BLACK MOUNTAIN In the Future reviews

Showing all collaborators reviews and last reviews preview | Show all reviews/ratings

Collaborators/Experts Reviews

Review by Guldbamsen
4 stars Slow, slumbering psychedelic rock n´ roll caterpillar

This band pushes all the right buttons for me. Rocking guitars mainly riff driven (for all you aficionados who needs splintering unbelievable high soaring solos, this is not the place...), thumbing walking bass, slow creepy-crawley organs, tight 50-60´s drumming tied together with the twin vocals of what sounds like Grace Slick in her prime with Jefferson Airplane together with Jack White of The White Stripes.

Recalling a scorchingly hot summers day last August, dazing on the beach just north of Copenhagen in what most people here in Denmark call the "Whiskey-belt", because of the abundance of folks who have cars of gold, exotic pythons as guard dogs, sneeze in their money and live in larger than life castles, that would make for great viewing in the sort of MTV cribs television. -Anyway, we had with us a huge stereo chuck full of - well let´s just say alternative music attacking the beach side with tunes very unfamiliar from the drum n´ bass that usually dominates the airwaves. This album got about 6 or 7 spins, and it was like a great sorting machine - collecting long haired freaks from the darkest corners of the beach, as well as a handful of "rock chicks" that jump at anything showcasing a female voice (you know who you are Björk fans)... Whenever "Tyrants" got played, the loud cries and otherwise disturbing chit chat from the sands around us quieted down, and you could feel how they got swept away by the music. It starts out crushingly loud like a herd of wild buffaloes - changing suddenly into laid back soft singing transforming the song completely, and to those of us who know our rock n´ roll history will pick up the tiny acoustic ode to "Stairway to Heaven" that follows. The song crashes into some of the most beautiful female vocals, that I promise you - once heard, you will never forget it. Kind of reminds me of "War Pigs" live, when the crowd sings "Uuuuuuhh Uuuuuhhh" along with the guitar at the end. An instant hit for sure... Another favourite of mine is "Bright Lights" that really shows the psychedelic side of Black Mountain´s music, and clocking in at about 17 minutes this should arouse even the most rusty wine gummy prog boner... (-Even if they use a couple of those min on ambient noise)

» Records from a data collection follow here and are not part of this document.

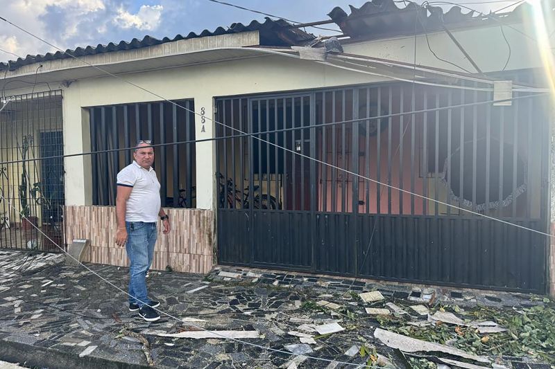 No Conjunto Pedro Teixeira, a casa do taxista Renato Fabiano da Frota Costa foi totalmente destelhada. “Foi um susto grande, a nossa sorte é que ninguém ficou ferido e agora com essa ajuda que está vindo do Governo vai ser muito bom para gente”, diz o aposentado.
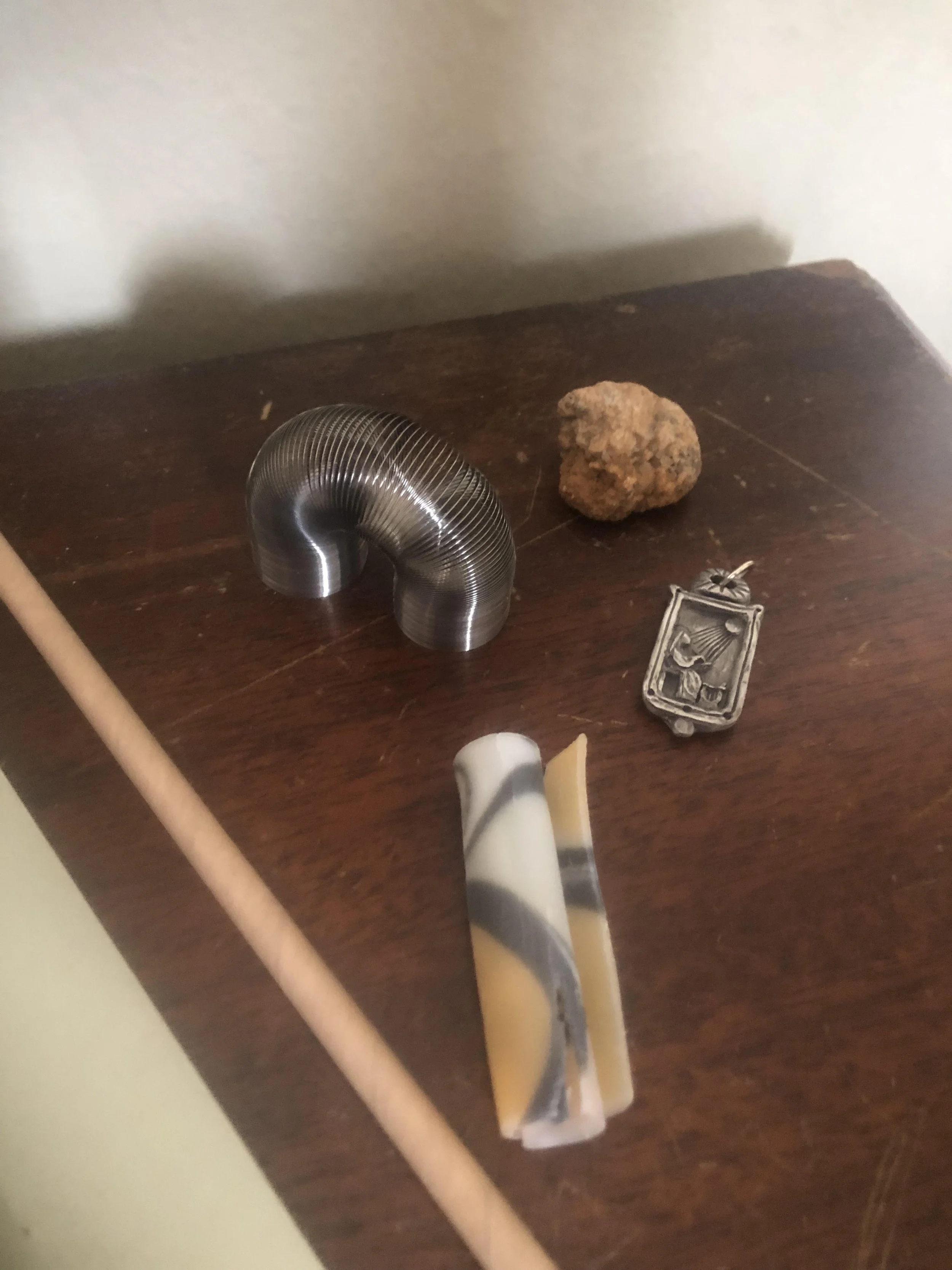 clockwise- world’s smallest slinky, river rock, st. Hildegard pendant, homemade soap bar scraping, compostable straw
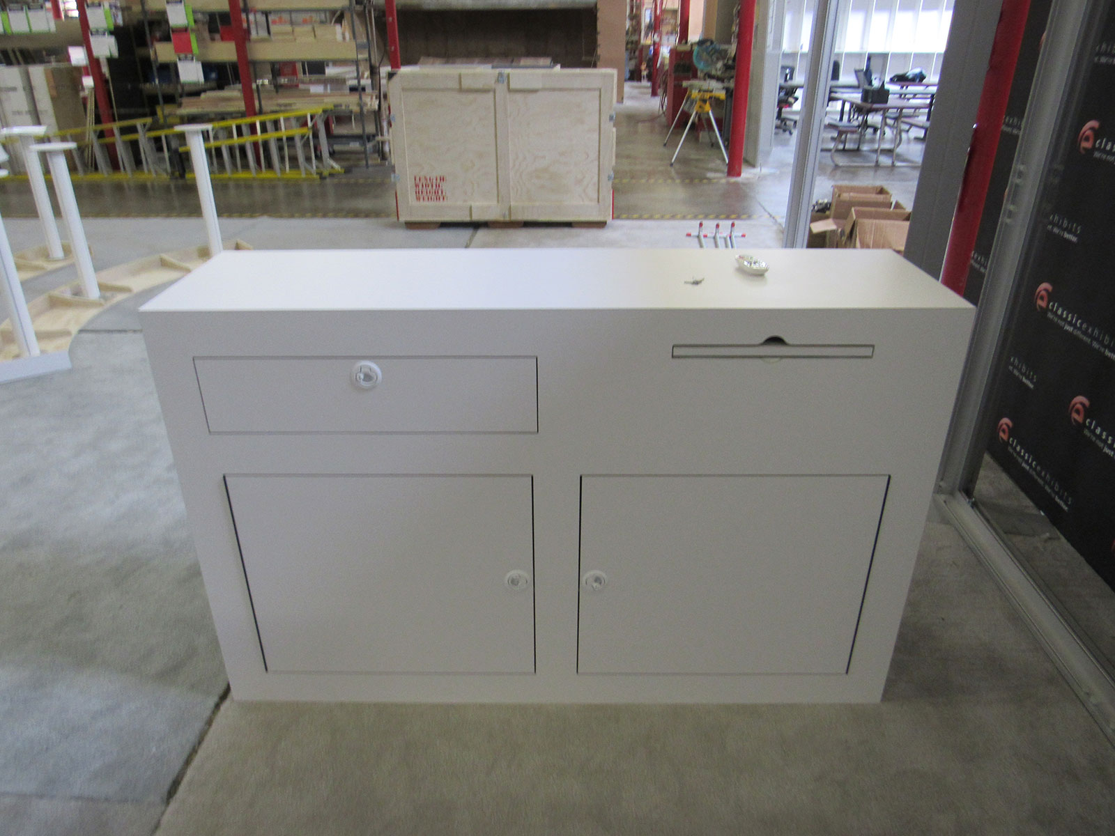 Modified MOD-1563 Custom Counter with Graphic, RGB Programmable LED Lighting, Locking Storage, Drawer, and Slide-Out Shelf Modified MOD-1563 Custom Counter with Graphic, RGB Programmable LED Lighting, Locking Storage, Drawer, and Slide-Out Shelf
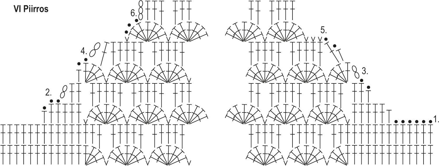 Työhön tuli 16(18)19(21)23 mallikertaa (pylväsviuhkaa). Jatka virkkaamista V piirroksen mukaan 2. kerrokselta ja toista sitten kerroksia 3-6.

This is not an album with great virtuosos and faster than light time changing signatures of any kind. It is however an honest album with heart and soul, that at times rips through the dull and enclosing jail bars of everyday life. A must for old school psychedelic mice, Zeppelin balloon people, proggy beavers and the likes who enjoy their beach music slow and brooding like a caterpillar up your misses thigh...

Review by UMUR
SPECIAL COLLABORATOR Honorary Collaborator
4 stars "In the Future" is the 2nd full-length studio album by Canadian hard rock/psychadelic rock act Black Mountain. It was released through Jagjaguwar in January 2008. The band made a name for themselves within retro rock circles with their 2005 self-titled debut full-length studio album, and they worked hard on this album to follow up the hype which was created around them.

The sound on "In the Future" is retro styled late 60s/early 70s hard rock/psychadelic rock. Lots of vintage keyboards, hard rocking guitars and a tight playing rhythm section. I´m thinking a combination of Pink Floyd, Black Sabbath (the more hard rock oriented part of their 70s material) and Jefferson Airplane. The latter mostly because of the use of both male and female vocals and the occasionally stoned West Coast sound. The musicianship are generally on a high level, both instrumentally and when it comes to the vocals.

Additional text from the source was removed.